[[ MATERIAL PROVIDED, beginning ]]

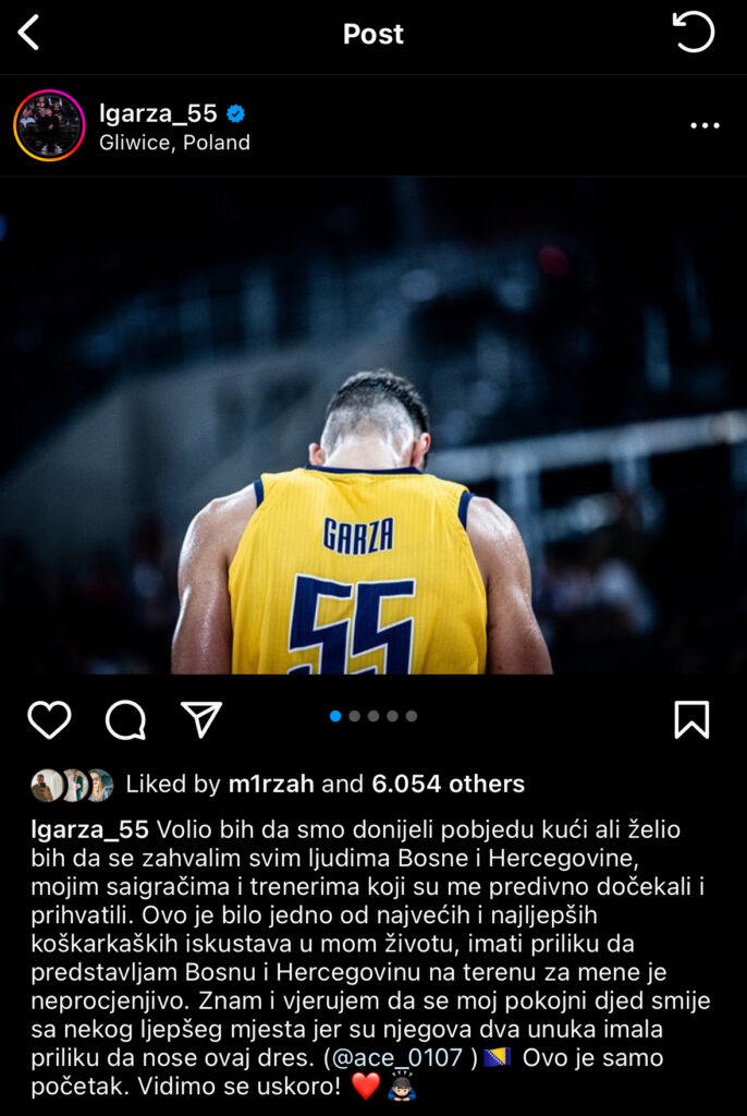 Znam i vjerujem da se moj pokojni djed smije sa nekog ljepšeg mjesta jer su njegova dva unuka imala priliku da nose ovaj dres (op. Amar Alibegović). Ovo je samo početak. Vidimo se uskoro”, poručio je Garza.
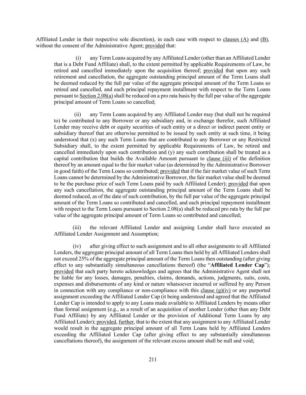 211 Affiliated Lender in their respective sole discretion), in each case with respect to clauses (A) and (B), without the consent of the Administrative Agent; provided that: (i) any Term Loans acquired by any Affiliated Lender (other than an Affiliated Lender that is a Debt Fund Affiliate) shall, to the extent permitted by applicable Requirements of Law, be retired and cancelled immediately upon the acquisition thereof; provided that upon any such retirement and cancellation, the aggregate outstanding principal amount of the Term Loans shall be deemed reduced by the full par value of the aggregate principal amount of the Term Loans so retired and cancelled, and each principal repayment installment with respect to the Term Loans pursuant to Section 2.08(a) shall be reduced on a pro rata basis by the full par value of the aggregate principal amount of Term Loans so cancelled; (ii) any Term Loans acquired by any Affiliated Lender may (but shall not be required to) be contributed to any Borrower or any subsidiary and, in exchange therefor, such Affiliated Lender may receive debt or equity securities of such entity or a direct or indirect parent entity or subsidiary thereof that are otherwise permitted to be issued by such entity at such time, it being understood that (x) any such Term Loans that are contributed to any Borrower or any Restricted Subsidiary shall, to the extent permitted by applicable Requirements of Law, be retired and cancelled immediately upon such contribution and (y) any such contribution shall be treated as a capital contribution that builds the Available Amount pursuant to clause (iii) of the definition thereof by an amount equal to the fair market value (as determined by the Administrative Borrower in good faith) of the Term Loans so contributed; provided that if the fair market value of such Term Loans cannot be determined by the Administrative Borrower, the fair market value shall be deemed to be the purchase price of such Term Loans paid by such Affiliated Lender); provided that upon any such cancellation, the aggregate outstanding principal amount of the Term Loans shall be deemed reduced, as of the date of such contribution, by the full par value of the aggregate principal amount of the Term Loans so contributed and cancelled, and each principal repayment installment with respect to the Term Loans pursuant to Section 2.08(a) shall be reduced pro rata by the full par value of the aggregate principal amount of Term Loans so contributed and cancelled; (iii) the relevant Affiliated Lender and assigning Lender shall have executed an Affiliated Lender Assignment and Assumption; (iv) after giving effect to such assignment and to all other assignments to all Affiliated Lenders, the aggregate principal amount of all Term Loans then held by all Affiliated Lenders shall not exceed 25% of the aggregate principal amount of the Term Loans then outstanding (after giving effect to any substantially simultaneous cancellations thereof) (the “Affiliated Lender Cap”); provided that each party hereto acknowledges and agrees that the Administrative Agent shall not be liable for any losses, damages, penalties, claims, demands, actions, judgments, suits, costs, expenses and disbursements of any kind or nature whatsoever incurred or suffered by any Person in connection with any compliance or non-compliance with this clause (g)(iv) or any purported assignment exceeding the Affiliated Lender Cap (it being understood and agreed that the Affiliated Lender Cap is intended to apply to any Loans made available to Affiliated Lenders by means other than formal assignment (e.g., as a result of an acquisition of another Lender (other than any Debt Fund Affiliate) by any Affiliated Lender or the provision of Additional Term Loans by any Affiliated Lender); provided, further, that to the extent that any assignment to any Affiliated Lender would result in the aggregate principal amount of all Term Loans held by Affiliated Lenders exceeding the Affiliated Lender Cap (after giving effect to any substantially simultaneous cancellations thereof), the assignment of the relevant excess amount shall be null and void;
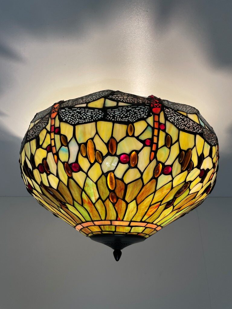 Egal, ob Sie einen Billardtisch haben oder einfach nur eine stilvolle Lampe für Ihr Interieur suchen, diese Tiffany-Billardtischlampe mit Libellenmuster wird sicher die Aufmerksamkeit auf sich ziehen und eine wunderbare Ergänzung für jeden Raum sein.
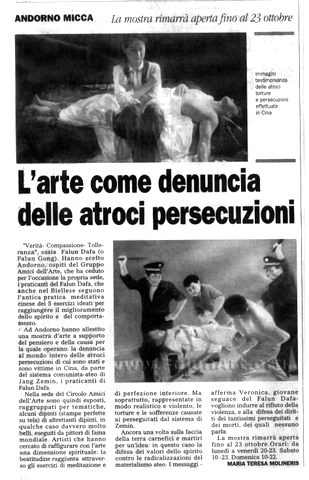 他们在安多尔诺(ANDORNO)举办了这个艺术展来支持他们的思想和他们为之付出的事业:向全世界揭露在中国发生的残酷迫害,法轮大法修炼者正在遭受江泽民的迫害。
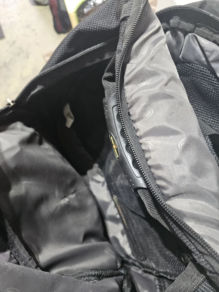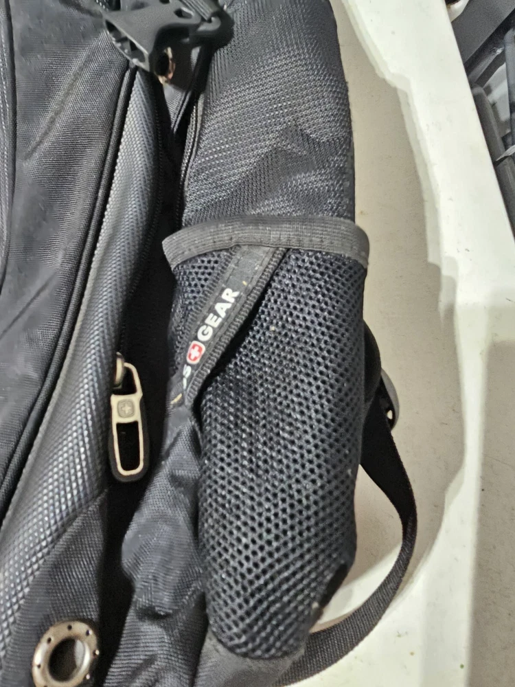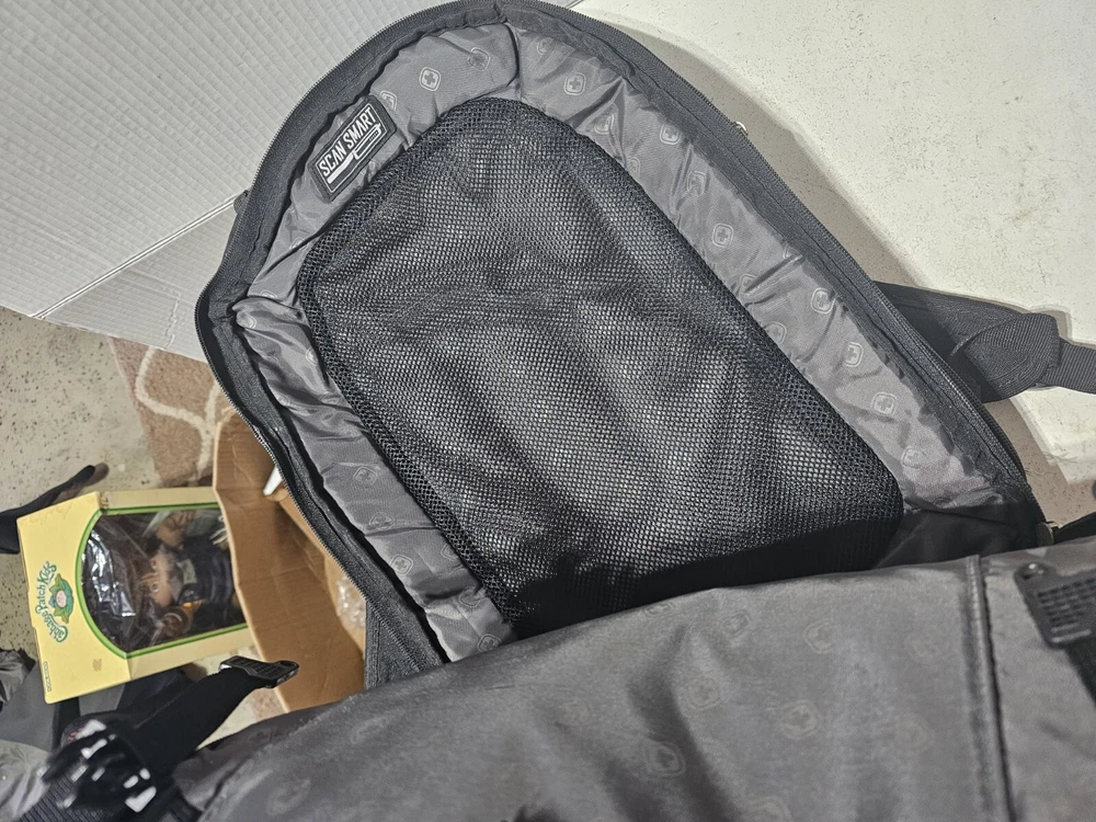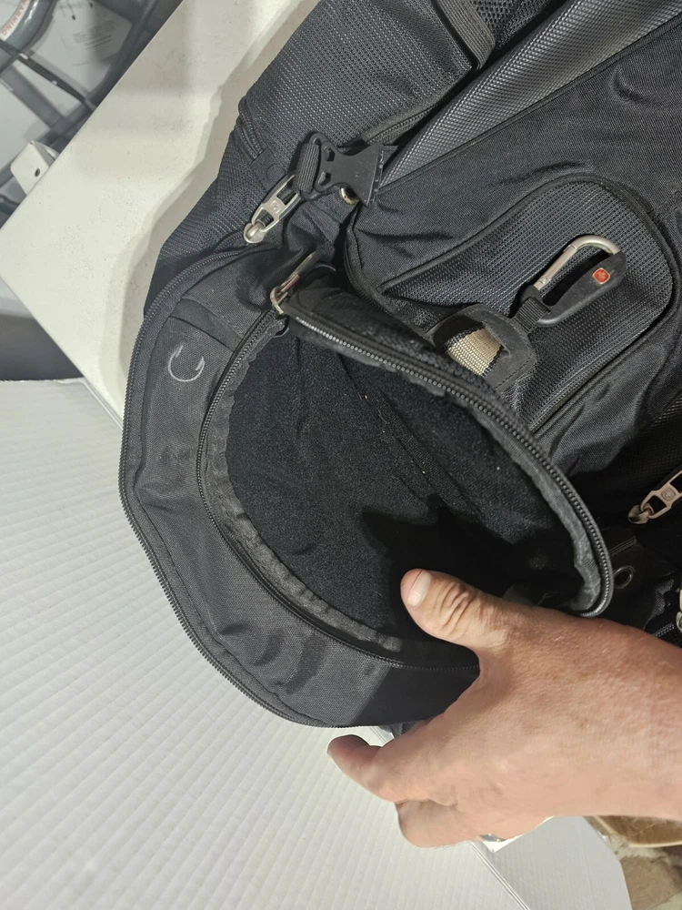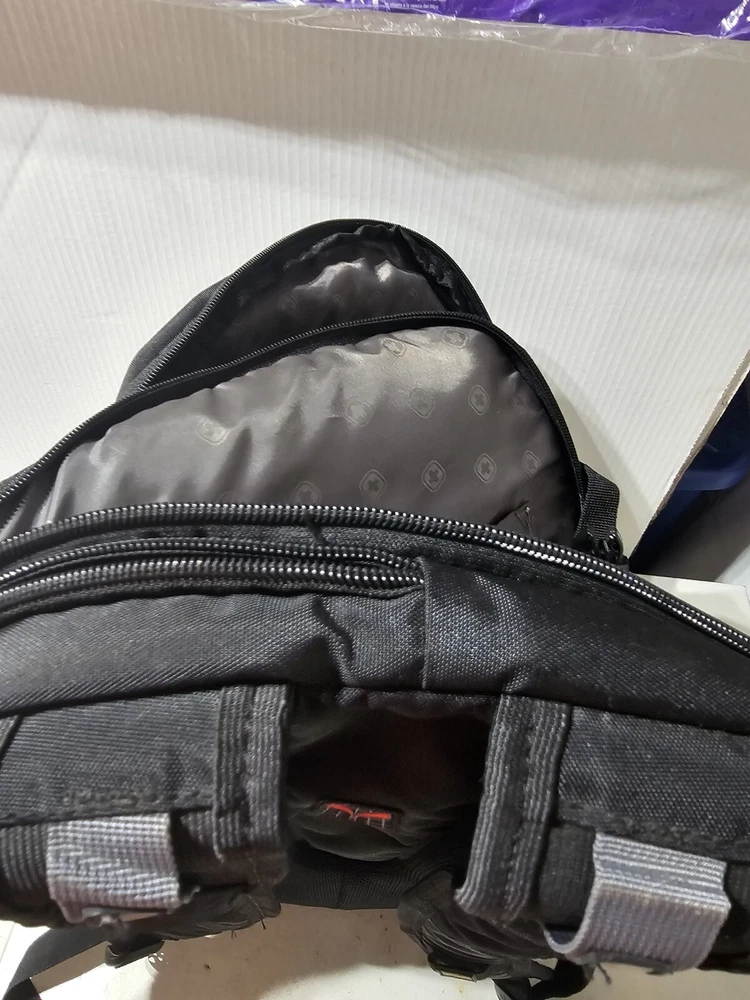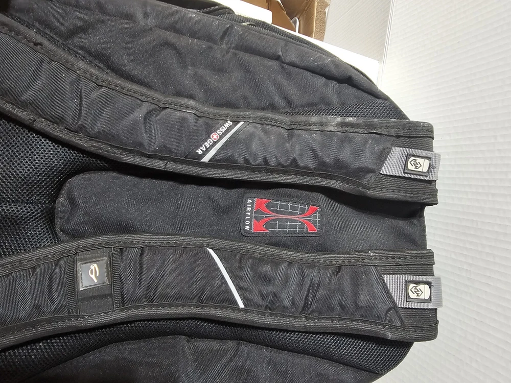 20 inches by 16 inches wide In very good condition. Slight wear under shoulder strap. See pictures please. Has a lot of pockets and a laptop section. All zippers work great. Very nice feeling backpack. Has a pocket for headphones and a space for sunglasses

[[ MATERIAL PROVIDED, end ]]

**TASK GOAL**
Make an exact copy of all entries above, dropping the images.

**ANSWER SECTION**
 Znam i vjerujem da se moj pokojni djed smije sa nekog ljepšeg mjesta jer su njegova dva unuka imala priliku da nose ovaj dres (op. Amar Alibegović). Ovo je samo početak. Vidimo se uskoro”, poručio je Garza.
 211 Affiliated Lender in their respective sole discretion), in each case with respect to clauses (A) and (B), without the consent of the Administrative Agent; provided that: (i) any Term Loans acquired by any Affiliated Lender (other than an Affiliated Lender that is a Debt Fund Affiliate) shall, to the extent permitted by applicable Requirements of Law, be retired and cancelled immediately upon the acquisition thereof; provided that upon any such retirement and cancellation, the aggregate outstanding principal amount of the Term Loans shall be deemed reduced by the full par value of the aggregate principal amount of the Term Loans so retired and cancelled, and each principal repayment installment with respect to the Term Loans pursuant to Section 2.08(a) shall be reduced on a pro rata basis by the full par value of the aggregate principal amount of Term Loans so cancelled; (ii) any Term Loans acquired by any Affiliated Lender may (but shall not be required to) be contributed to any Borrower or any subsidiary and, in exchange therefor, such Affiliated Lender may receive debt or equity securities of such entity or a direct or indirect parent entity or subsidiary thereof that are otherwise permitted to be issued by such entity at such time, it being understood that (x) any such Term Loans that are contributed to any Borrower or any Restricted Subsidiary shall, to the extent permitted by applicable Requirements of Law, be retired and cancelled immediately upon such contribution and (y) any such contribution shall be treated as a capital contribution that builds the Available Amount pursuant to clause (iii) of the definition thereof by an amount equal to the fair market value (as determined by the Administrative Borrower in good faith) of the Term Loans so contributed; provided that if the fair market value of such Term Loans cannot be determined by the Administrative Borrower, the fair market value shall be deemed to be the purchase price of such Term Loans paid by such Affiliated Lender); provided that upon any such cancellation, the aggregate outstanding principal amount of the Term Loans shall be deemed reduced, as of the date of such contribution, by the full par value of the aggregate principal amount of the Term Loans so contributed and cancelled, and each principal repayment installment with respect to the Term Loans pursuant to Section 2.08(a) shall be reduced pro rata by the full par value of the aggregate principal amount of Term Loans so contributed and cancelled; (iii) the relevant Affiliated Lender and assigning Lender shall have executed an Affiliated Lender Assignment and Assumption; (iv) after giving effect to such assignment and to all other assignments to all Affiliated Lenders, the aggregate principal amount of all Term Loans then held by all Affiliated Lenders shall not exceed 25% of the aggregate principal amount of the Term Loans then outstanding (after giving effect to any substantially simultaneous cancellations thereof) (the “Affiliated Lender Cap”); provided that each party hereto acknowledges and agrees that the Administrative Agent shall not be liable for any losses, damages, penalties, claims, demands, actions, judgments, suits, costs, expenses and disbursements of any kind or nature whatsoever incurred or suffered by any Person in connection with any compliance or non-compliance with this clause (g)(iv) or any purported assignment exceeding the Affiliated Lender Cap (it being understood and agreed that the Affiliated Lender Cap is intended to apply to any Loans made available to Affiliated Lenders by means other than formal assignment (e.g., as a result of an acquisition of another Lender (other than any Debt Fund Affiliate) by any Affiliated Lender or the provision of Additional Term Loans by any Affiliated Lender); provided, further, that to the extent that any assignment to any Affiliated Lender would result in the aggregate principal amount of all Term Loans held by Affiliated Lenders exceeding the Affiliated Lender Cap (after giving effect to any substantially simultaneous cancellations thereof), the assignment of the relevant excess amount shall be null and void;
 Egal, ob Sie einen Billardtisch haben oder einfach nur eine stilvolle Lampe für Ihr Interieur suchen, diese Tiffany-Billardtischlampe mit Libellenmuster wird sicher die Aufmerksamkeit auf sich ziehen und eine wunderbare Ergänzung für jeden Raum sein.
 他们在安多尔诺(ANDORNO)举办了这个艺术展来支持他们的思想和他们为之付出的事业:向全世界揭露在中国发生的残酷迫害,法轮大法修炼者正在遭受江泽民的迫害。
 20 inches by 16 inches wide In very good condition. Slight wear under shoulder strap. See pictures please. Has a lot of pockets and a laptop section. All zippers work great. Very nice feeling backpack. Has a pocket for headphones and a space for sunglasses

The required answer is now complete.